Microseismic Monitoring of Fracture Networks During Hydraulic Stimulation: Beyond Event Locations

Kendall, Michael (University of Bristol) | Verdon, James P. (University of Bristol) | Baird, Alan (ESG Solutions) | Wuestefeld, Andreas (Los Alamos Natl. Lab) | Rutledge, James T.

OnePetro 


The successful exploitation of tight-gas reservoirs requires fracture networks, sometimes naturally occurring, often hydraulically stimulated. Borehole microseismic data acquired in such environments hold great promise for characterising such fractures or sweet spots. The loci of seismic events delineate active faults and reveal fracture development in response to stimulation.
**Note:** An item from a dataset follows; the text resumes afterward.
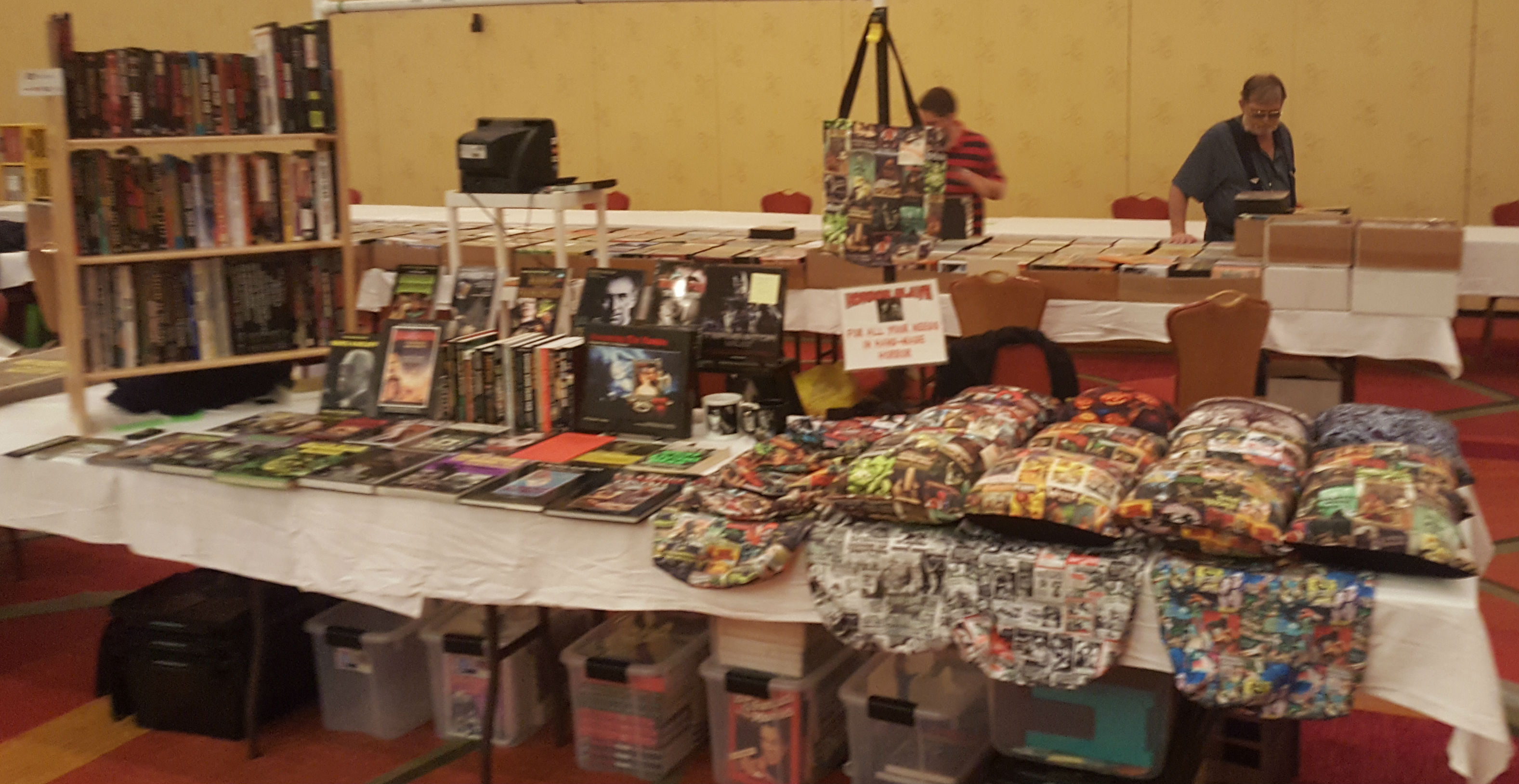 Now, this isn’t a horror-themed convention, but for all genres of film. There is a film room going all weekend, but it usually has silents older classic films, but a nice variety for classic film fans. Every now and then, they’ll program a horror title. In fact, this year, on Thursday night at 10:45pm, they are screening Bert I. Gordon’s Beginning of the End (1957). Every year I’ve attended, I’ve always come back with a few things for my own collection. You’ll see a range of prices from the very expensive to very cheap. You just have to have to take the time to search. While it might not be great for the back and arms, it’s a lot more fun than going through pages and pages on eBay! And you just never know little gem what you’re going to stumble across.

However, a great deal more can be extracted from these microseismic data. For example, inversions of shear-wave splitting data provide a robust means of mapping fracture densities and preferred orientations, useful information for drilling programs. They can also be used to track temporal variations in fracture compliances, which are indicative of fluid flow and enhanced permeability in response to stimulation. Furthermore, the frequency-dependent nature of shear-wave splitting is very sensitive to size of fractures and their fluidfill composition. Here we demonstrate the feasibility of using such analysis of shear-wave splitting measurements on data acquired during hydraulic stimulation of a tight-gas sandstone in the Cotton Valley field in Carthage, West Texas.